Je ne peux pas non plus raisonnablement conclure que l’AI a agi autrement que raisonnablement en faisant feu sur le plaignant. À mon avis, ce tir était le point culminant d’une conduite qui était à la mesure des exigences du moment. L’agente avait tenté de désamorcer la situation par le dialogue, avait assuré la sécurité de ses collègues en les dirigeant vers des endroits où ils étaient à couvert, et avait pris des dispositions pour que des unités spécialisées de la Police provinciale viennent sur les lieux. Estimant que le risque pour la sécurité publique était trop élevé pour attendre plus longtemps, l’AI a décidé, au péril de sa propre sécurité, de s’aventurer à l’arrière de la maison pour tenter de sauver la TC. Cette décision était raisonnable puisqu’il était clair que le comportement du plaignant se détériorait rapidement, comme en témoignerait bientôt la décharge de son arme. Quant au tir proprement dit par l’AI, rien dans la preuve ne permet de raisonnablement suggérer qu’il s’agissait d’autre chose que d’une réaction discriminante et proportionnée au risque de blessures corporelles graves ou de mort que présentait le plaignant. Même si l’AI n’a pas immédiatement contrecarré le tir du plaignant en ripostant, je ne peux pas écarter la possibilité que l’agente ait fait feu parce qu’elle croyait que c’était raisonnablement nécessaire pour empêcher des tirs supplémentaires et imminents par le plaignant – il avait fait feu quelques secondes auparavant; elle, ses collègues et la TC étaient toujours en danger; et le plaignant avait apparemment l’intention de « se suicider par la police » et avait intérêt à vouloir donner l’impression qu’il tirait sur la police.

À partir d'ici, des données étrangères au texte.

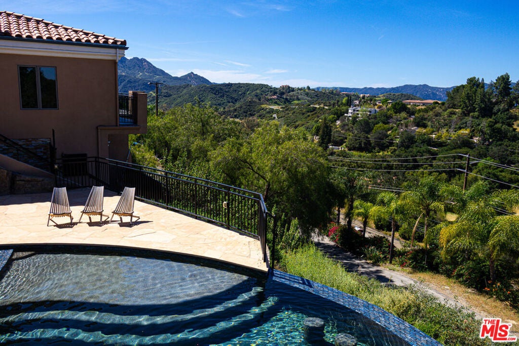 Gated Estate | Fully Landscaped | Unforgettable Views Tucked into the tranquil beauty of the Santa Monica Mountains, this estate is a rare findblending architectural elegance with nature's finest views. Perched just off the iconic Mulholland Highway and resting on nearly an acre of fully landscaped land, this 4,579 sq. ft. residence offers an unmatched lifestyle.Enjoy some of the most breathtaking views in the entire Santa Monica Mountain range, with sunsets off the patio that will truly take your breath away.Originally built in 2008, the home features a brand new negative-edge pool and spa oasis, complete with cascading waterfalls for a true resort-style experience. The outdoor space is an entertainer's dream, boasting a fully equipped kitchen with a built-in pizza oven, high-end grill, and prep areaall set against a stunning mountain backdrop. Inside, the chef's kitchen is outfitted with a Viking 8-burner stainless steel range and an oversized center island, perfect for hosting and everyday living. Throughout the home, you'll find beautiful hardwood flooring, along with rich alder wood finishes including custom casement windows, French doors, interior doors, and baseboards.The main level offers light-filled living areas with a southwest-facing orientation, while four spacious bedrooms are located on the lower level. There is also ample room to further customize the home to your vision. Located just seconds from Viewpoint School and within the award-winning Las Virgenes Unified School District, this gated estate is ideally positioned just minutes from Malibu's beaches and the Calabasas Commonsoffering the perfect blend of natural serenity and everyday convenience.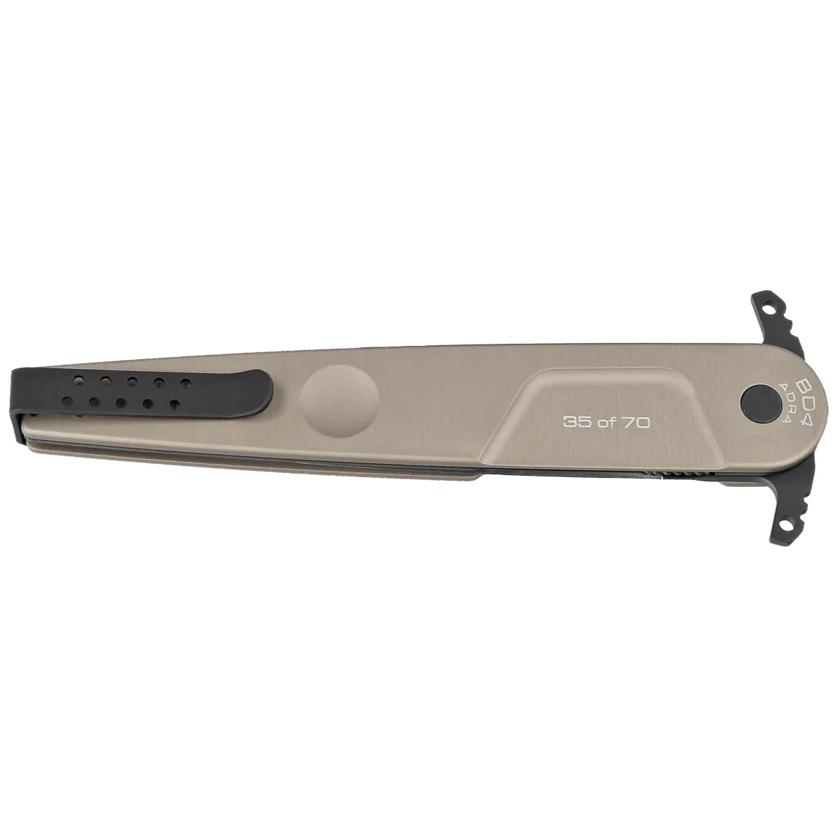 BD4 Adra Contractor LE No 35/70 Tactical Mud Aluminum, Black Limited Edition. Limited to 70 pieces, a limited edition of a large folding tactical knife issued to celebrate the 20th anniversary of the Italian Air Force's special unit, the 17 Stormo Incursori. The knife, numbered 35, its name refers to and pays tribute to the heroic Arditi Distruttori unit of the Regia Aeronautica (ADRA), operating in North Africa during World War II, which won two silver medals for valor on the battlefield.
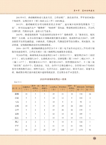至2020年底,曲靖邮政共有营业网点148个(农村117个)、储蓄网点50个(农村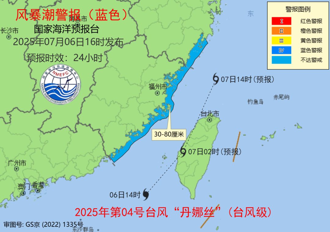 受今年第4號颱風“丹娜絲”的影響,預計7月6日下午至7日下午,福建漳州到浙江温州沿海將會出現30到80釐米的風暴增水。上述岸段內的潮位站將不會出現達到當地藍色警戒潮位的高潮位。風暴潮預警級別為藍色。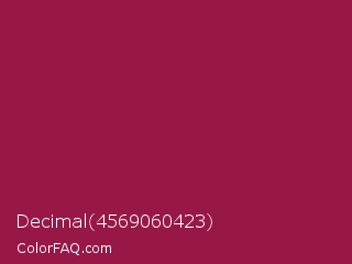 Decimal 4569060423 Color is a normal rose color and the nearest color is Big Dip O Ruby #9c2542. Hex code #971847 and RGB value is rgb(151,24,71). In RGB color space, this color is composed of 59% red, 9% green, 28% blue, In CMYK color space, this color is composed of 0% cyan, 84% magenta, 53% yellow , 41% black , In HSL color space, this color has a hue angle of 338° , 73% saturation and 34% lightness.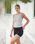 High waisted, No CF seam, Self fabric elasticated waistband, Twin needle stitching at hem, All over stretch, Side seams, Side pocket, Tear out label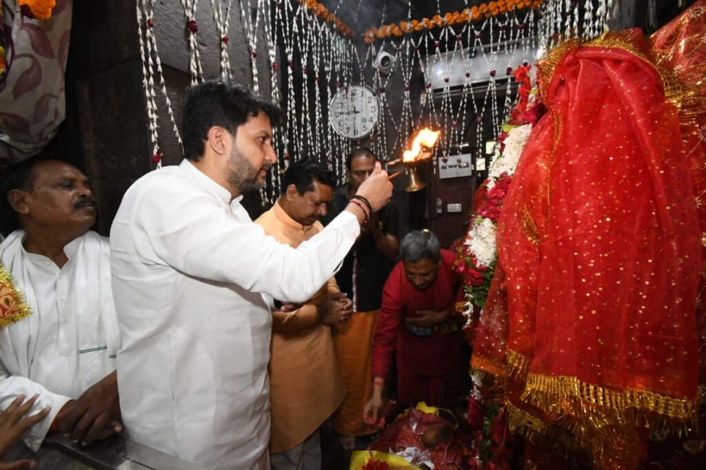 भाजपा के संगठनात्मक बैठकों में भाग लेने और आगामी विधानसभा चुनाव में कार्यकर्ताओं को एनडीए की शानदार जीत का मुलमंत्र देने कैमूर पहुंचे भाजपा के राष्ट्रीय मंत्री ऋतुराज सिन्हा ने कैमूर की पवरा पहाड़ी पर स्थित विश्व के सबसे प्राचीन मंदिर माँ मुंडेश्वरी मंदिर का दर्शन किया. इस दौरान उन्होने माँ मुंडेश्वरी की पूजा, अर्चना की और माता की आरती उतारी. उन्होने माँ मुंडेश्वरी को चुनरी और माला पहना कर आशीर्वाद लिया.राष्ट्रीय मंत्री ऋतुराज सिन्हा के साथ भाजपा के प्रदेश महामंत्री और क्षेत्रीय प्रभारी राजेश वर्मा ने भी माँ मुंडेश्वरी का दर्शन कर पूजा अर्चना की और आशीर्वाद प्राप्त किया. माँ मुंडेश्वरी का दर्शन कर पूजा अर्चना करने पहुंचे भाजपा के राष्ट्रीय मंत्री ऋतुराज सिन्हा के साथ साथ भाजपा क्रीड़ा प्रकोष्ठ के प्रदेश संयोजक सतीश कुमार श्रीवास्तव उर्फ सतीश राजू भी मौजूद थे. उन्होंने भी माँ मुंडेश्वरी की पूजा अर्चना की.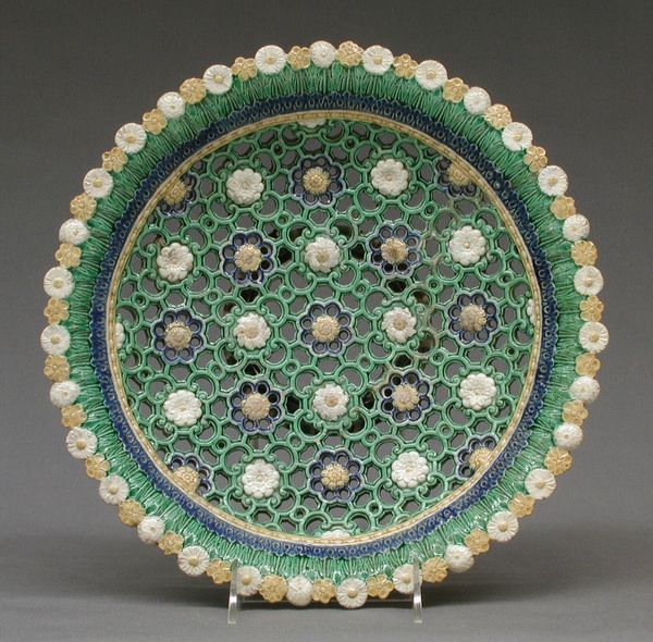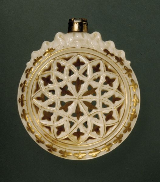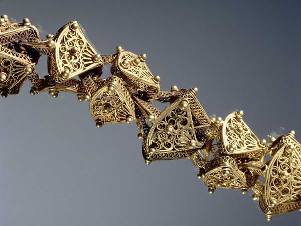 Curator: This glittering piece is a brooch, dating from around 1862 to 1872, made by Maison Rouvenat of Paris. It's currently residing at the Metropolitan Museum of Art. Editor: Wow, my first thought is that it looks like solidified honey – if honey was incredibly expensive and potentially weaponizable. The gold and the way those jewels are laid out – it's intensely geometrical. Curator: That honeycomb structure you're picking up on is key. The hexagon has long been associated with industry, community, and even the divine. Think of beehives, but also patterns found in sacred geometry. Rouvenat would have been playing with these associations. Editor: So it’s a wearable emblem then, buzzing with hidden meanings! There's something both meticulously crafted and kind of...voracious about it. The layers of geometric patterns are so dense. It's as though whoever wore it was signaling a powerful kind of abundance. Curator: Exactly. The repetition reinforces those connotations of wealth and prosperity, especially when we consider the status associated with wearing jewelry of such obvious quality. It also resonates with themes in the Victorian era that celebrate nature’s order and beauty. The fashion and craftsmanship connect deeply to cultural values of that era. Editor: But does that meticulous order also point towards rigidity? The perfect geometry makes me wonder if wearing such a thing comes with a set of rules – a very ornamented set of social expectations? Curator: An intriguing question, definitely. In a way, yes. High society functioned under rigid expectations and decorum. So wearing a brooch like this certainly would situate you within a specific cultural performance. It would reflect status, taste, and adherence to those unwritten rules. Editor: It’s fascinating to see something so seemingly simple – a brooch – act as a miniature stage for such complex cultural ideas. Suddenly, it seems less like jewelry and more like a tiny, glittering declaration of principles. Curator: A powerful visual reminder, certainly. And I'm glad we've given listeners a bit more of its context, which often hides in plain sight. Editor: Definitely more to it than initially meets the eye, a whole history lesson distilled into a sparkly honeycomb.

Pour les raisons qui précèdent, il n’y a aucun motif de porter des accusations criminelles dans cette affaire. Le dossier est clos.

Date : 7 juin 2024

Approuvé par voie électronique par

Joseph Martino

Directeur

Unité des enquêtes spéciales

Notes

  • 1) À moins d’indication contraire, les renseignements contenus dans cette section reflètent les informations reçues par l’UES au moment de la notification et ne reflètent pas nécessairement les conclusions de fait de l’UES à la suite de son enquête. [Retour au texte]
  • 2) Une pratique courante des agents de police. [Retour au texte]
  • 3) Les éléments de preuve suivants contiennent des renseignements personnels délicats qui ne sont pas divulgués conformément au paragraphe 34 (2) de la Loi de 2019 sur l’Unité des enquêtes spéciales. Les parties pertinentes des enregistrements sont résumées ci-après. [Retour au texte]
  • 4) Cette vidéo a été visualisée et jugée sans valeur pour cette enquête; elle n’est donc pas résumée. [Retour au texte]

Note:

La version originale anglaise signée du rapport fait autorité. En cas de divergence entre cette version et les versions anglaise ou française en ligne, la version originale anglaise signée du rapport l’emporte.